* **What to do**: There is a line containing "珠海機場隔離區A區2W-R-25號零售場地公開招商項目" in the records below. Repeat it and every line after it, exactly, through the final line, but no pictures.

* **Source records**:
----------------------------------------

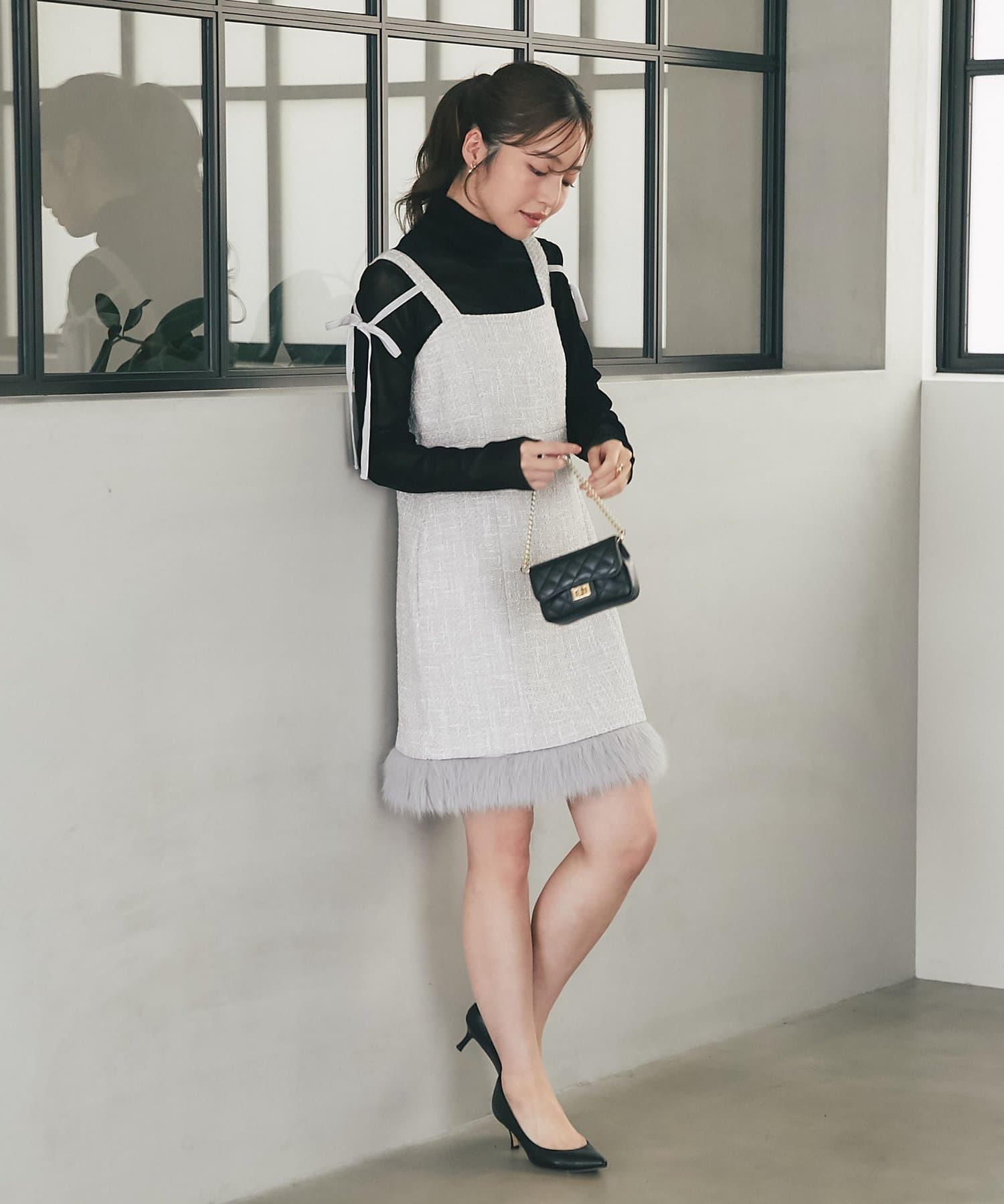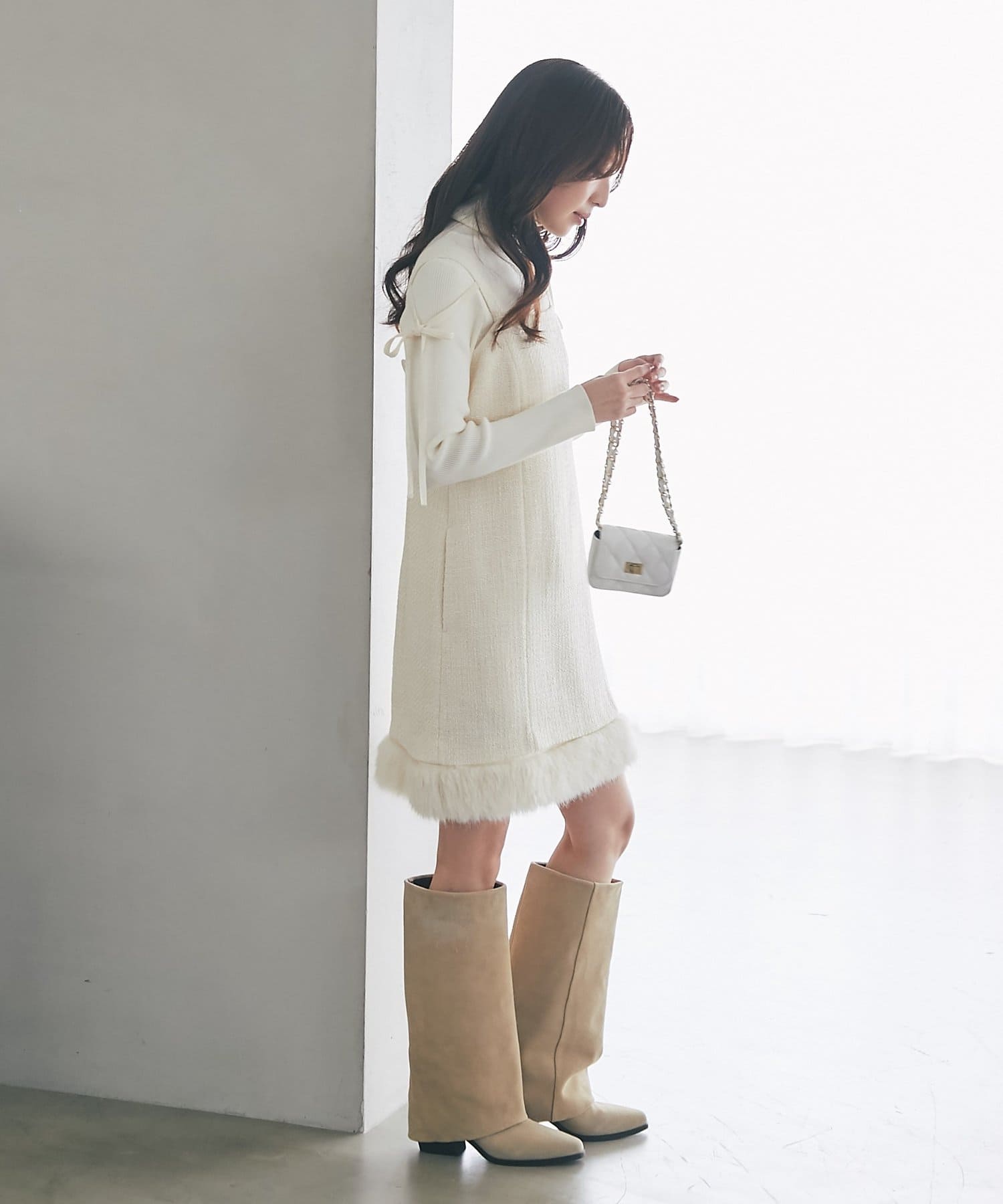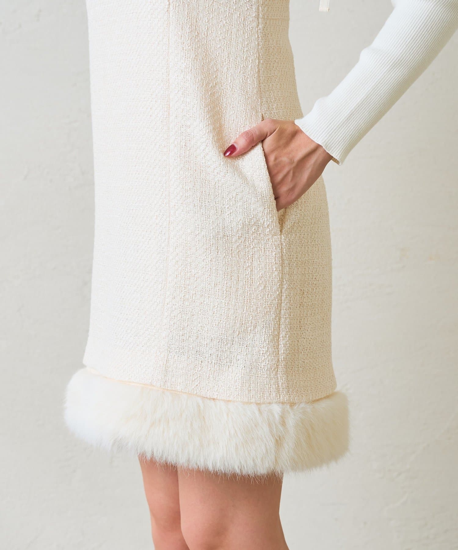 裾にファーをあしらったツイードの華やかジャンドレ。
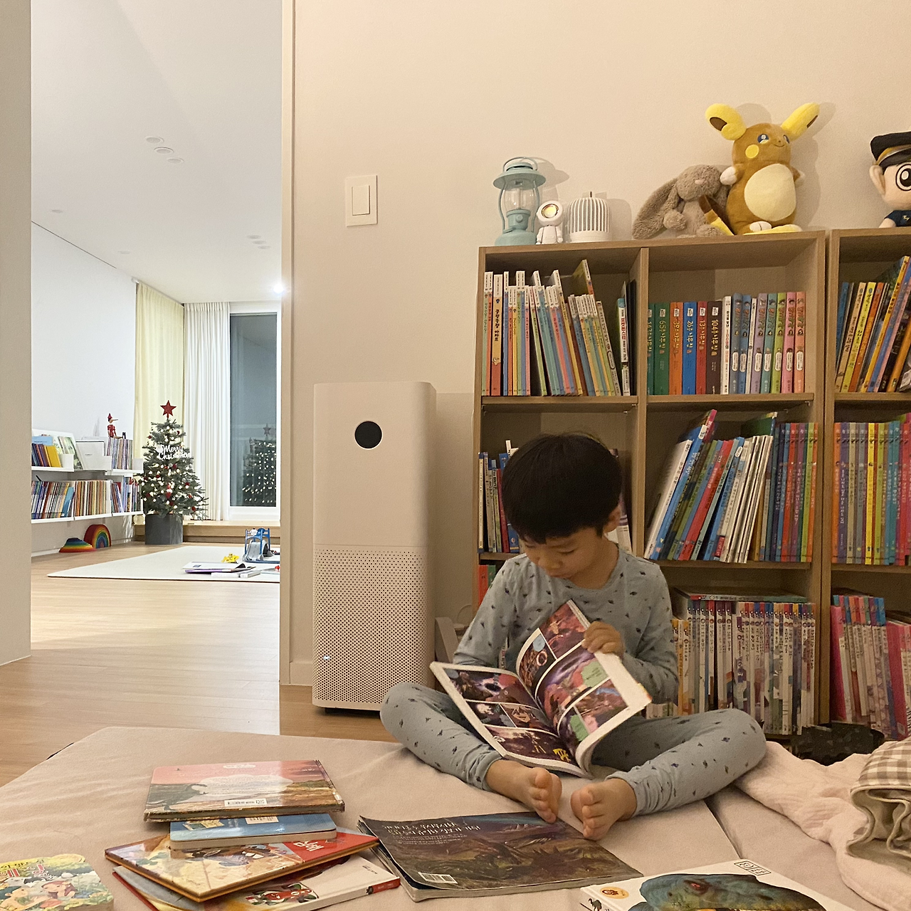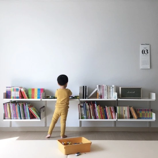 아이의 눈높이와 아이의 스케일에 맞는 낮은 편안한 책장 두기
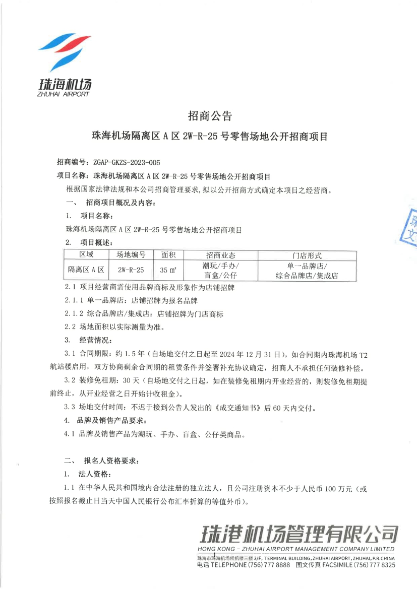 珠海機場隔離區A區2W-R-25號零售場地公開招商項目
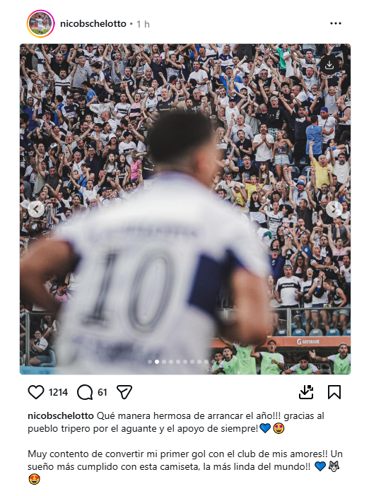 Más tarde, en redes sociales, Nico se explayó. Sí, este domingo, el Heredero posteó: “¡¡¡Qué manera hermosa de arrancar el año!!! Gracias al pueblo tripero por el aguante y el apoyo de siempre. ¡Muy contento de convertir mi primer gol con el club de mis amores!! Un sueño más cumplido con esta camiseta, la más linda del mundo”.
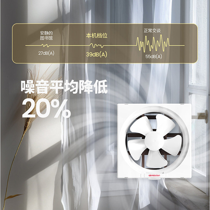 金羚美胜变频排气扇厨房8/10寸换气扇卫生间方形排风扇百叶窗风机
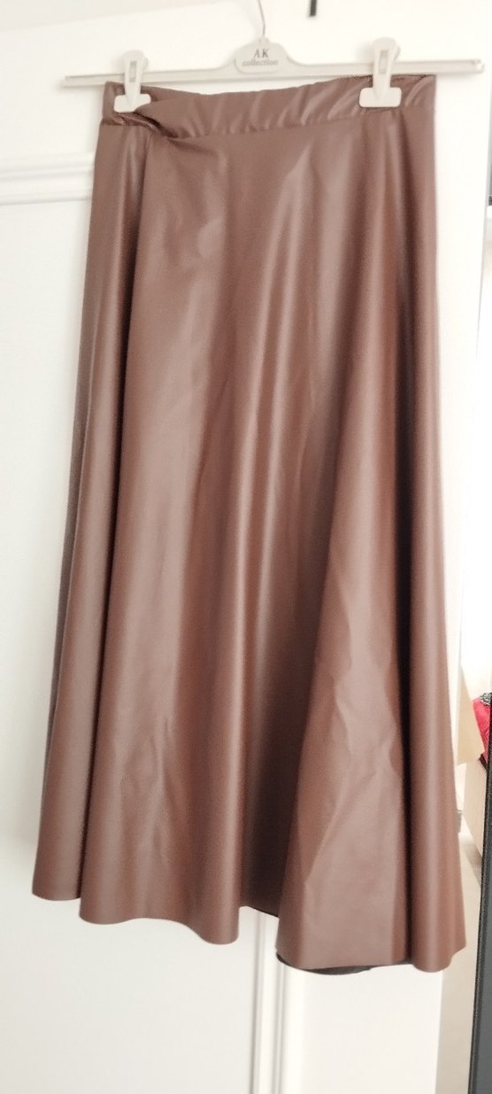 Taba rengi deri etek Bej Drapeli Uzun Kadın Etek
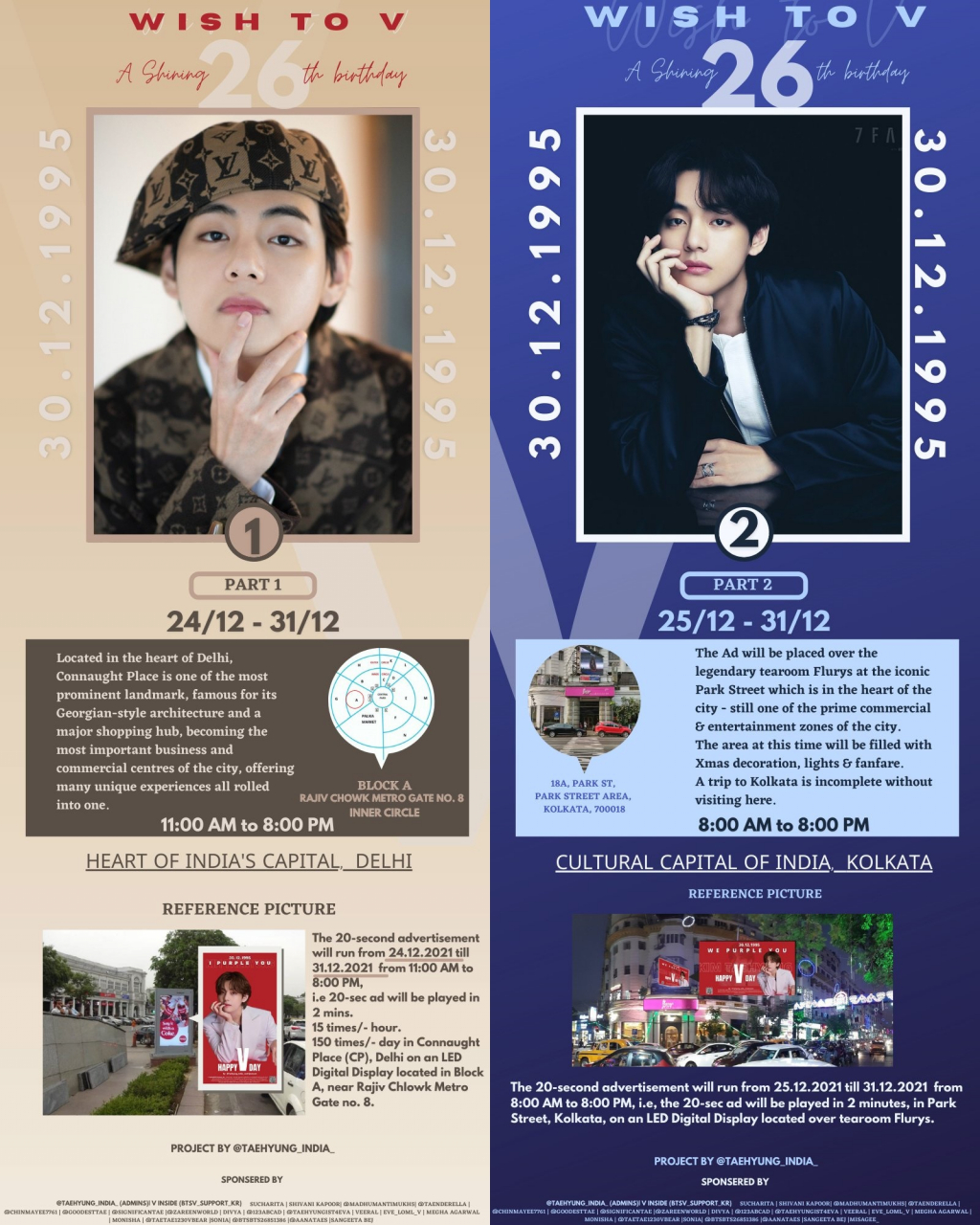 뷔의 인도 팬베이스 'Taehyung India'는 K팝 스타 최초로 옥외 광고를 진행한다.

----------------------------------------

* **Expected answer**:
 珠海機場隔離區A區2W-R-25號零售場地公開招商項目
 Más tarde, en redes sociales, Nico se explayó. Sí, este domingo, el Heredero posteó: “¡¡¡Qué manera hermosa de arrancar el año!!! Gracias al pueblo tripero por el aguante y el apoyo de siempre. ¡Muy contento de convertir mi primer gol con el club de mis amores!! Un sueño más cumplido con esta camiseta, la más linda del mundo”.
 金羚美胜变频排气扇厨房8/10寸换气扇卫生间方形排风扇百叶窗风机
 Taba rengi deri etek Bej Drapeli Uzun Kadın Etek
 뷔의 인도 팬베이스 'Taehyung India'는 K팝 스타 최초로 옥외 광고를 진행한다.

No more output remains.